The South Asian Times

22 October 2018 06:14 AM

With Gujarat reluctant to share its wild lions, MP eyes zoos

By Kushagra Dixit

New Delhi, Aug 23: With no sign of Gujarat parting with its free-ranging Asiatic lions for reintroduction and conservation purposes, the Madhya Pradesh forest department is now eyeing lions and cubs from zoos for its Kuno Wildlife Sanctuary.

Madhya Pradesh and Gujarat have been locked in a legal battle over the issue for the past few years, with latter loath to part with its lions.

The Madhya Pradesh government has now sent a proposal to the Centre requesting its Plan B be considered to get pure breed Asiatic lion's cubs from different zoos and form a pride at Kuno to raise them as free-ranging animals, officials told IANS.

Plan A was to rehabilitate wild lions from Gujarat to Madhya Pradesh.

"The state government has sent proposal to the Government of India that its expert committee must consider Plan B," a senior forest official told IANS on condition of anonymity. The official added that this is, however, not the dead-end of the plan to obtain wild lions from Gujarat.

In a note sent in June 2017, the Principal Chief Conservator of Forest (PCCF), Madhya Pradesh, proposed to seek permission of the Central Zoo Authority (CZA) to translocate two cubs born this year at Indore Zoo.

The note says that despite the apex court's orders and six meetings of the expert committee, the reintroduction of Asiatic lions has not moved forward.

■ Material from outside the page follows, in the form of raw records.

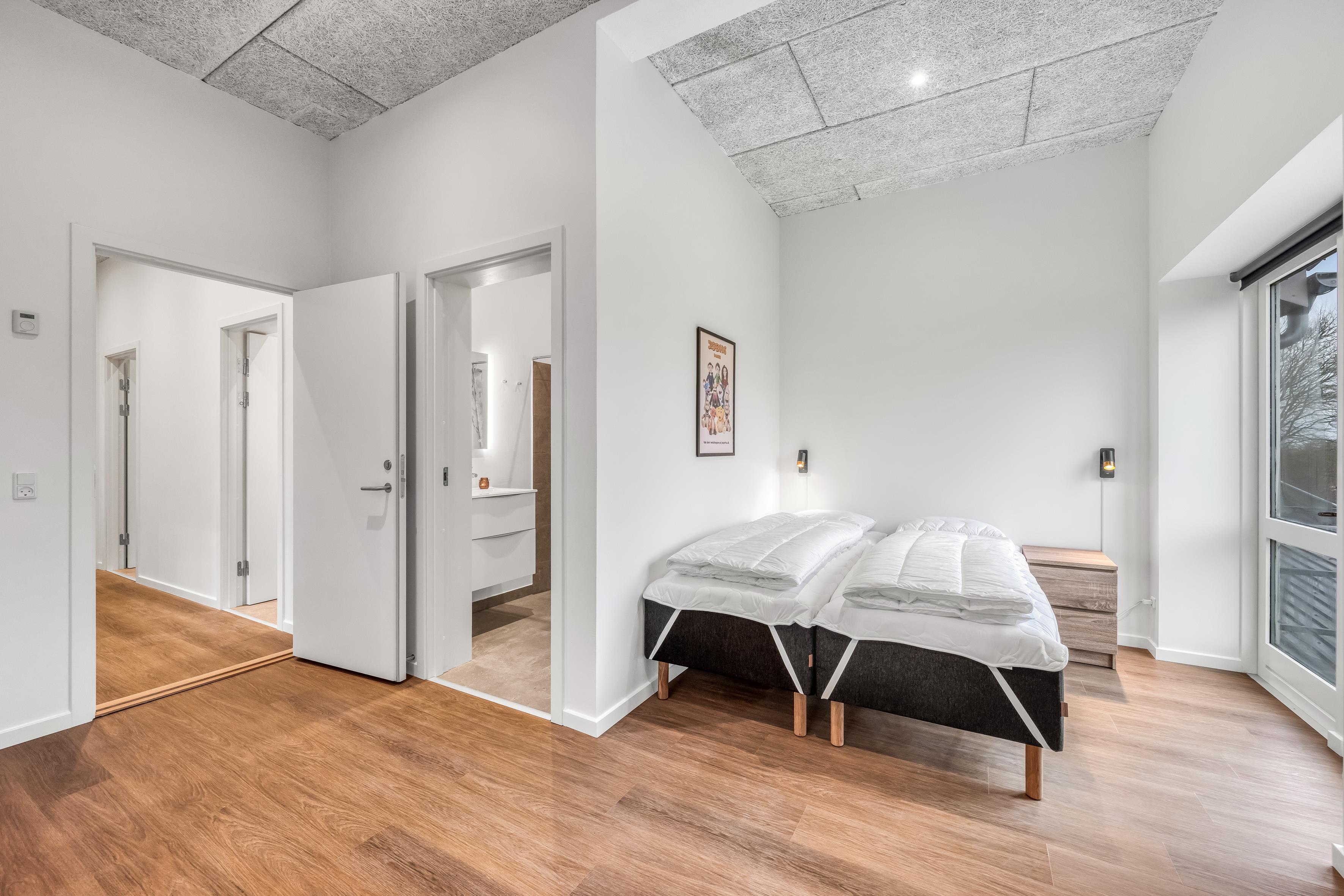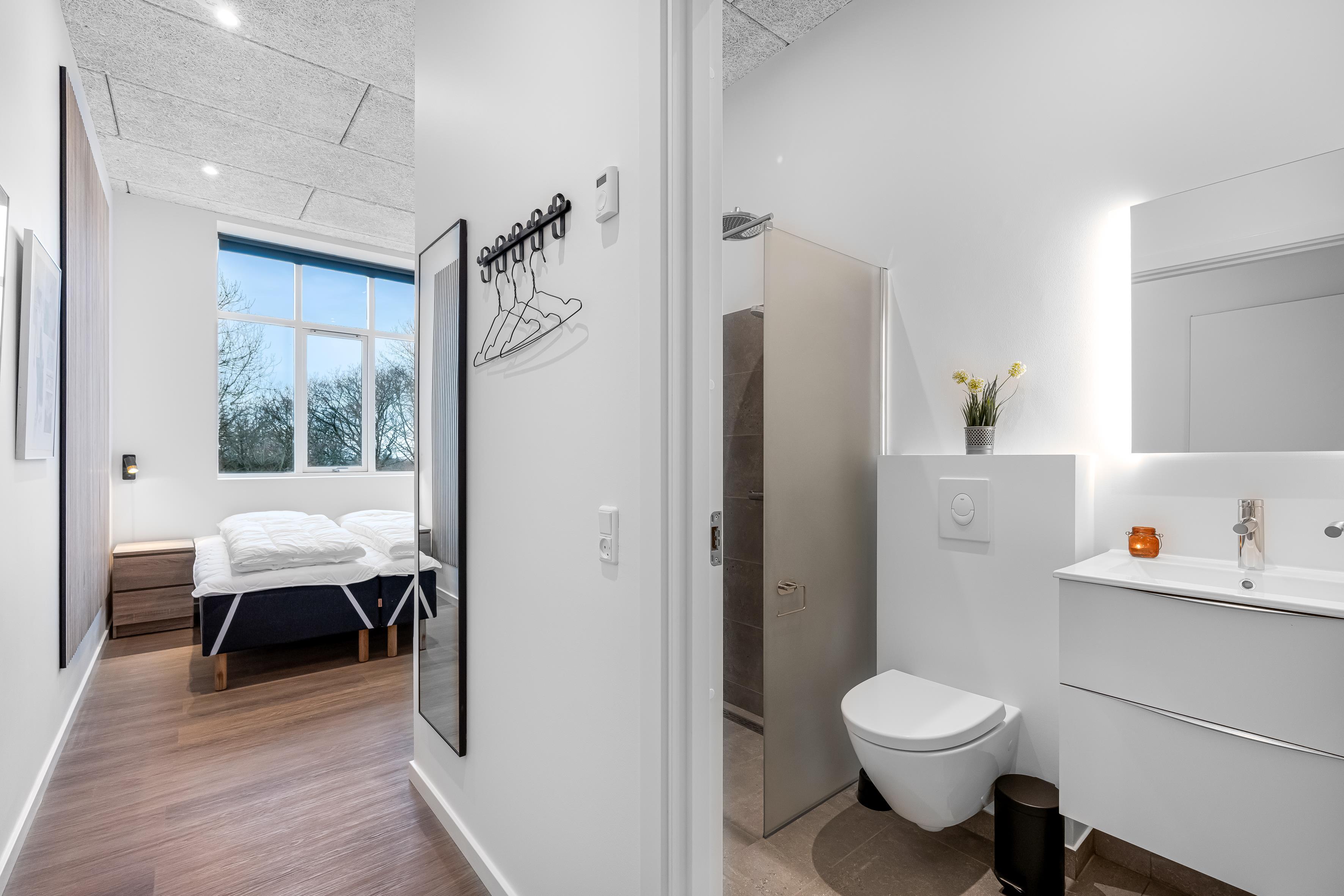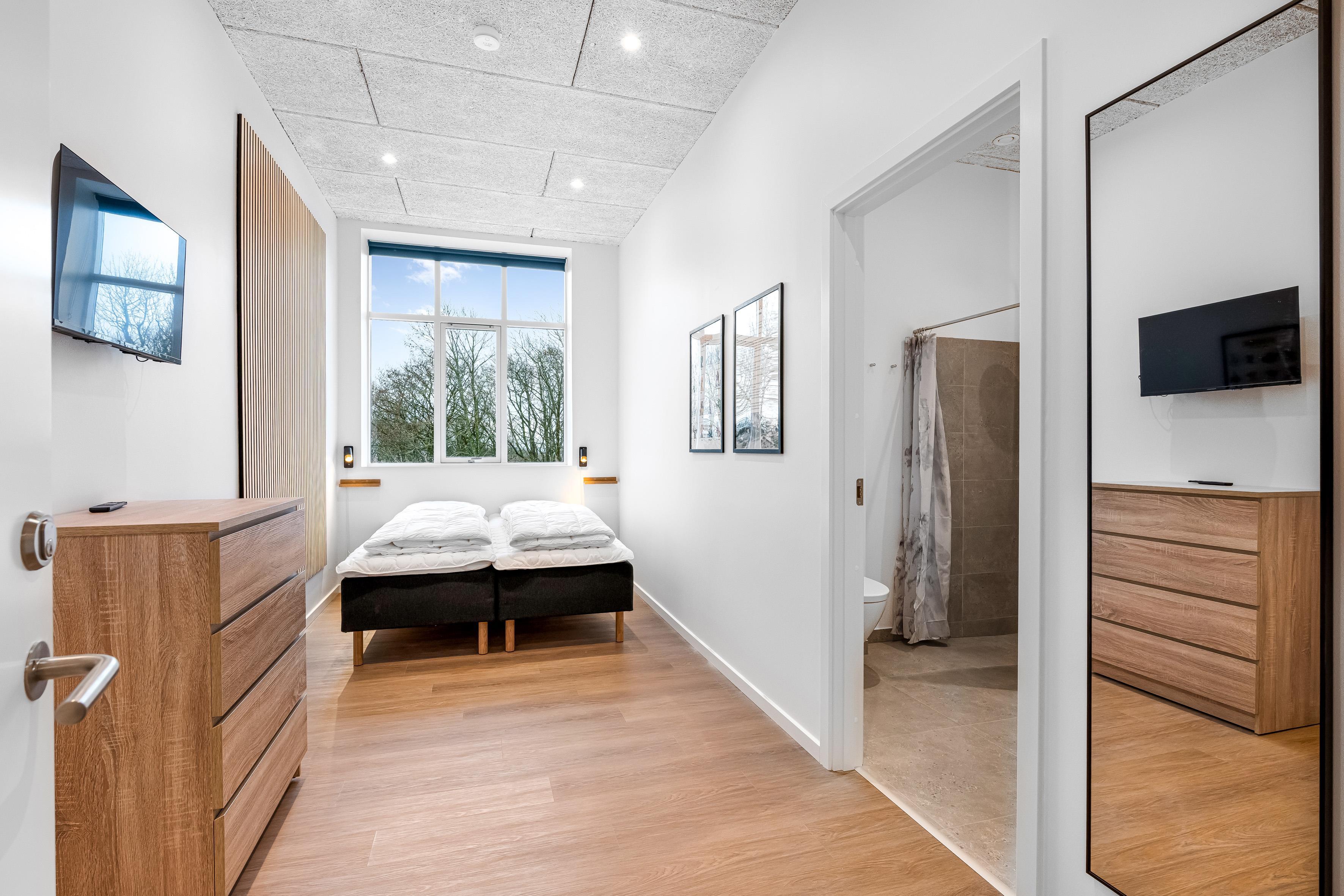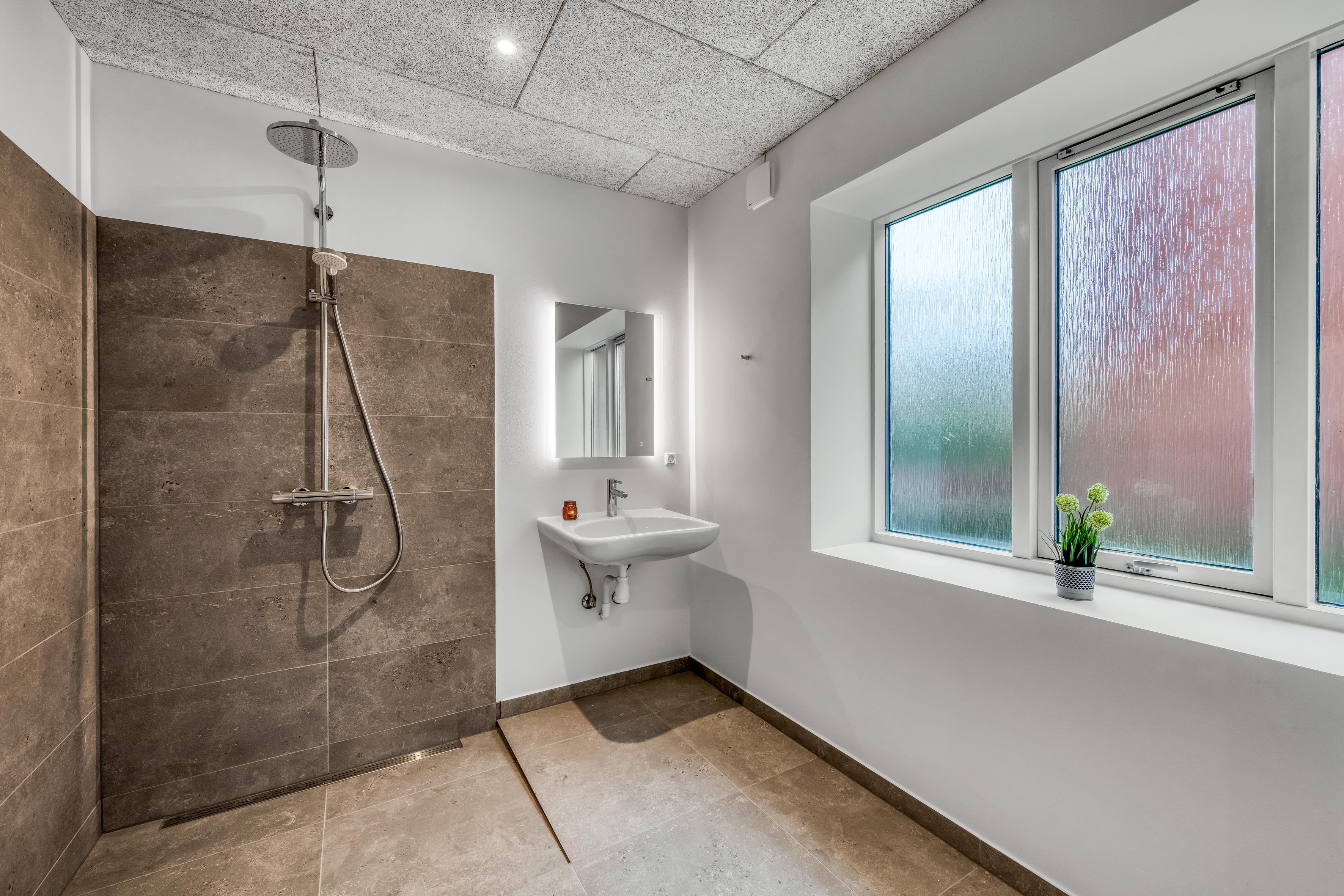 Indendørs findes der 16 rummelige soveværelser, der kan rumme op til 50 personer. Hvert værelse er udstyret med komfortable senge og på hovedparten af værelserne er der desuden et badeværelse, så der er plads til alle. Huset har i alt 15 badeværelser, hver med toilet, håndvask og bruseniche, som gør det nemt for en stor gruppe at forberede sig på dagens eventyr. Derudover er der gulvvarme i hele huset, inklusiv badeværelserne, hvilket sikrer en behagelig temperatur året rundt.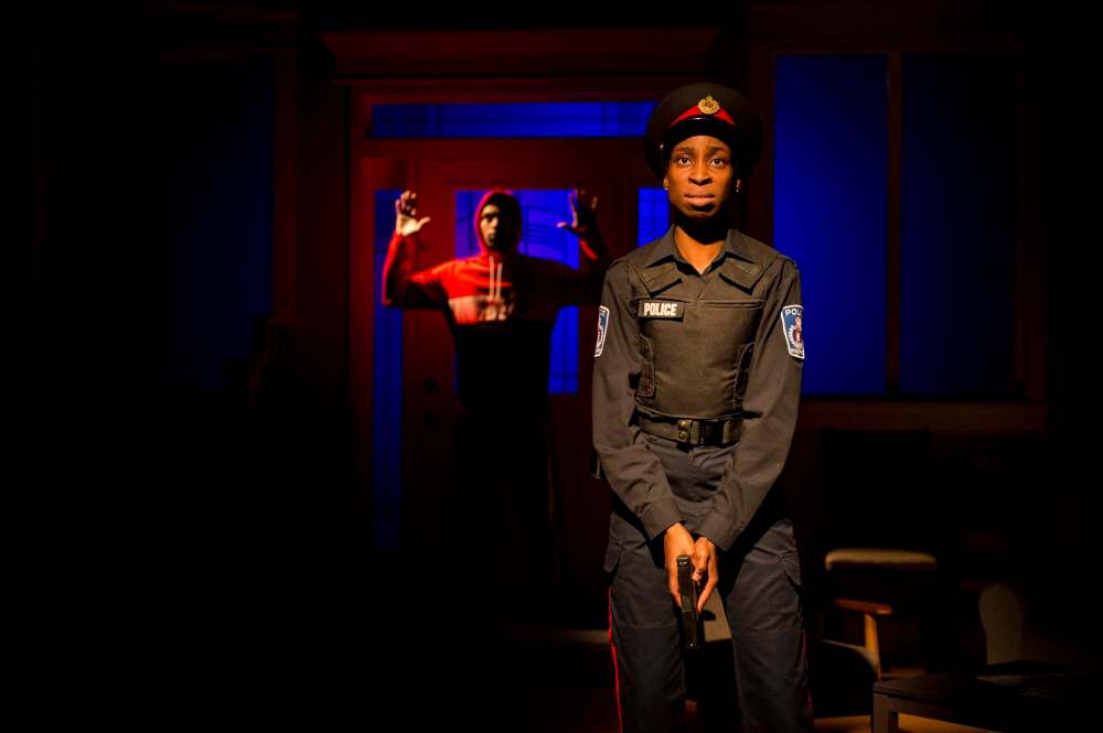 It’s a tricky show that cuts close to the bone of the theatre world. It’s about Lila (Beverly Ndukwu), a black female police officer who goes on leave after she shoots an unarmed black youth. A white playwright (Tom Keenan) adapts that story into a sensational play, and when he gets an offer to turn his drama into a screenplay, he visits Lila to belatedly share his plans, leading to a comedy-laced confrontation about race, art and appropriation.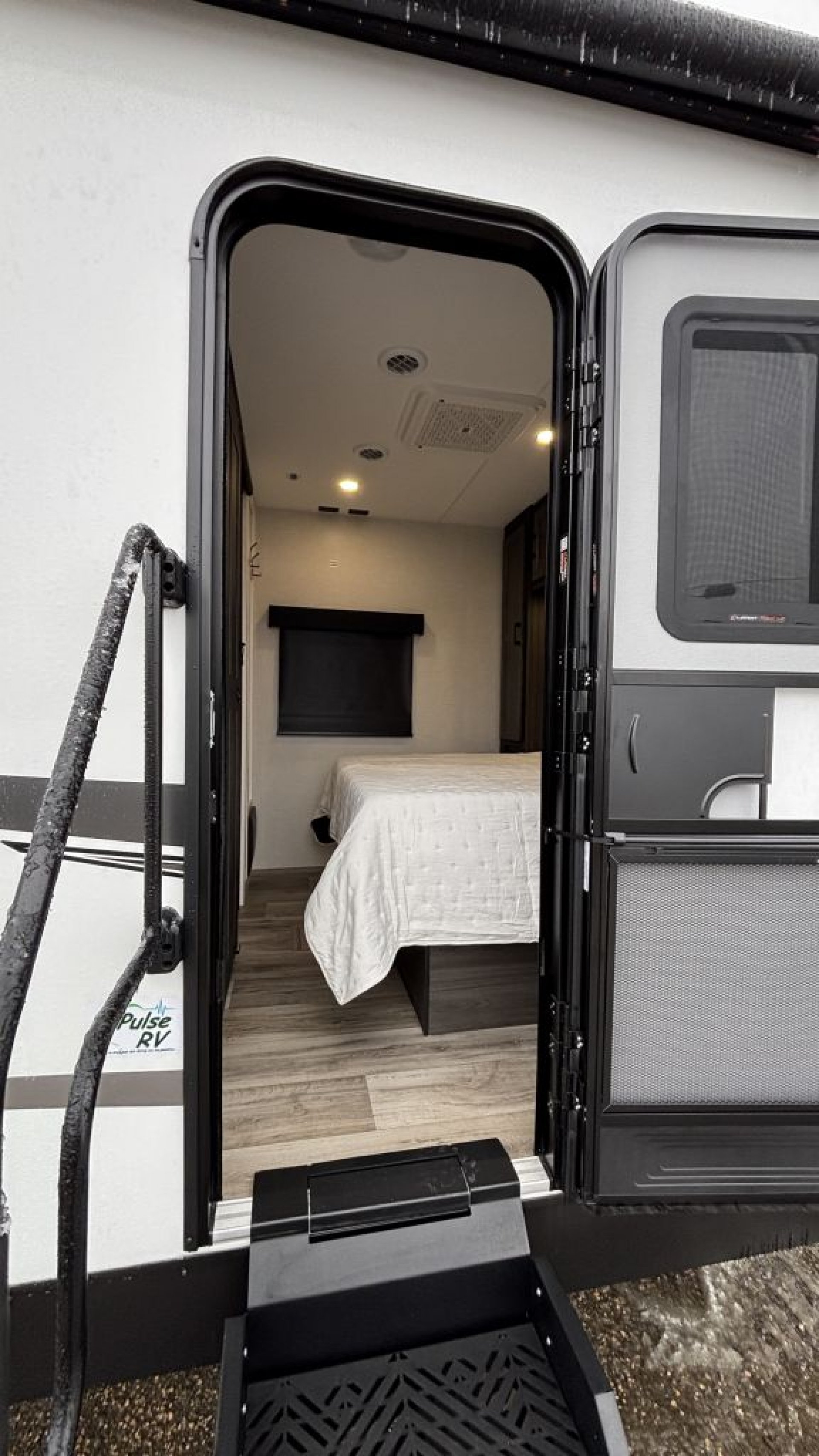 Master Bedroom with a View: Up front, you’ll find a 60" x 80" Serta Memory Foam queen bed framed by a stunning automotive-style front windshield. It also features its own private exterior entrance—perfect for sneaking out to the campfire after the kids are asleep.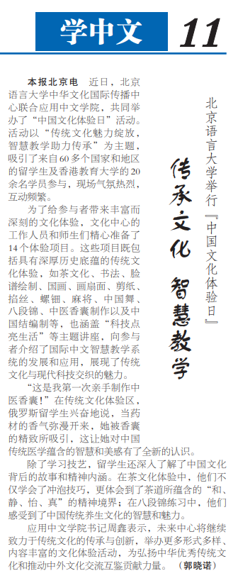 每学期开展中国文化体验日, 国际学生在一天的文化盛会中体验中国茶、剪纸、脸谱、画扇面、国画、书法、中国结、麻将、中国舞、香囊、掐丝、螺钿、八段锦等10余项传统文化,受到央视总台国际、阿语、大亚湾频道,中新网,人民日报等媒体的关注及报道。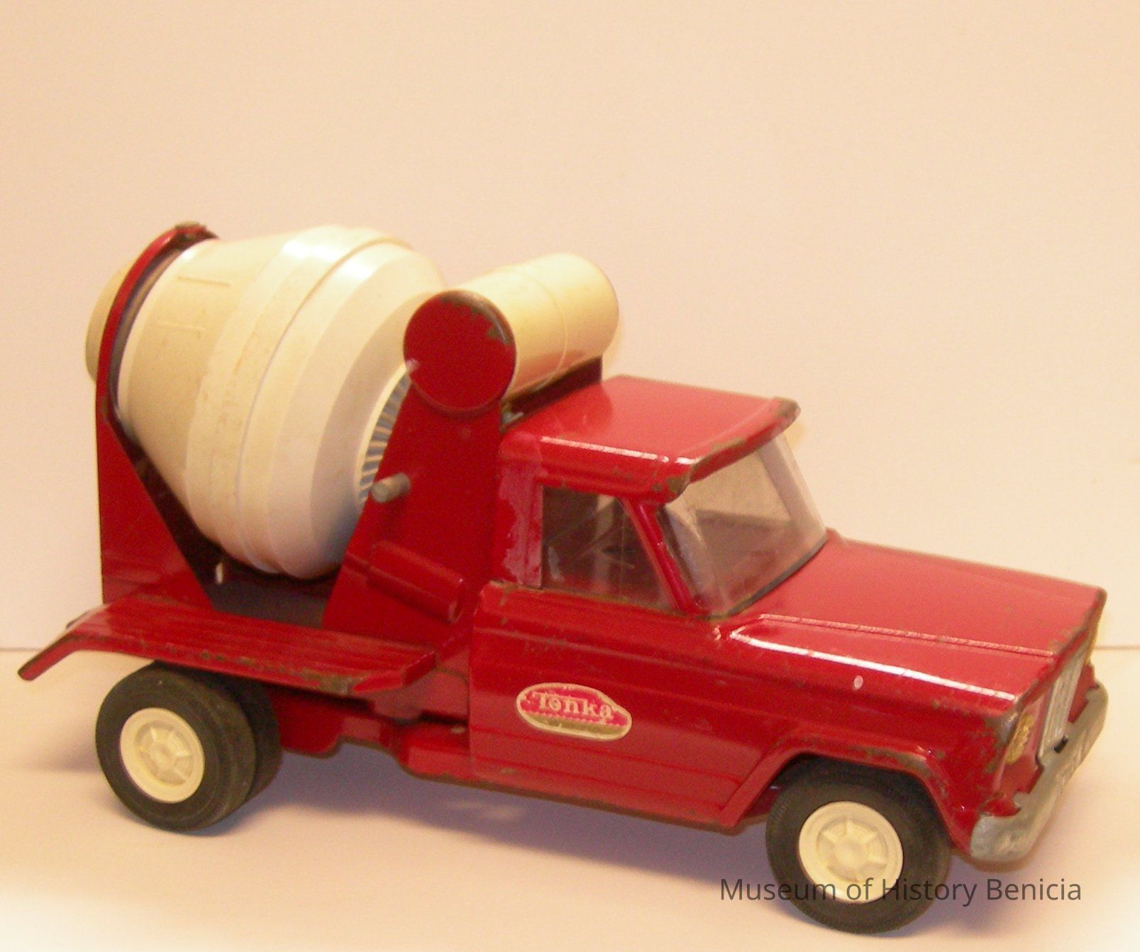 Tonka cement truck, red with white cement tumbler, six plastic tires, white wheel covers, decals both sides front, plastic cab windows, silver faux metal grill

"Madhya Pradesh has experience of reintroducing orphaned tiger cubs in the wild after raising them and making them expert hunters. At present the lion cubs at Indore zoo have matured and developed immunity," said a note by the PCCF, Jitendra Agarwal.

The note further proposes to seek permission from CZA, National Tiger Conservation Authority (NTCA) and Wildlife Institute of India (WII) to implement the state's Plan B.

However, Plan B, according to experts, "fails" to meet the original mandate, which was the concern to save this rare species from an epidemic or natural disaster leading to its complete wipeout.

Gujarat's Gir forest is the only home to free-ranging or wild Asiatic lions.

Often considered over-populated, the numbers at Gir are increasing at an impressive rate, with 523 felines in 2016 to 650 in a recently conlcuded census.

The WII had, in 1989, pushed for a second natural habitat -- Madhya Pradesh -- for the Asiatic lions for their long-term conservation.

"The objective was to protect the wild free-ranging lions of Gir and not to raise the breed in captivity in a wildlife sanctuary. The stubbornness of Gujarat can lead to disasterous results," wildlife activist Ajay Dube told IANS.

He added that the lions in Gir are also vulnerable to genetic disorders caused by "in-family breeding" due to high density, which is already affecting their immunity.

The Supreme Court in April 2013 ordered "immediate" re-introduction of lions to Kuno from Gir.

The court had then also fixed a six-month deadline for a committee responsible for accomplishing the mission under the central government's Additional Director General of Forest Wildlife.

However, even though Kuno was customised to hold nearly 40 lions, not a single feline has been moved to the sanctuary.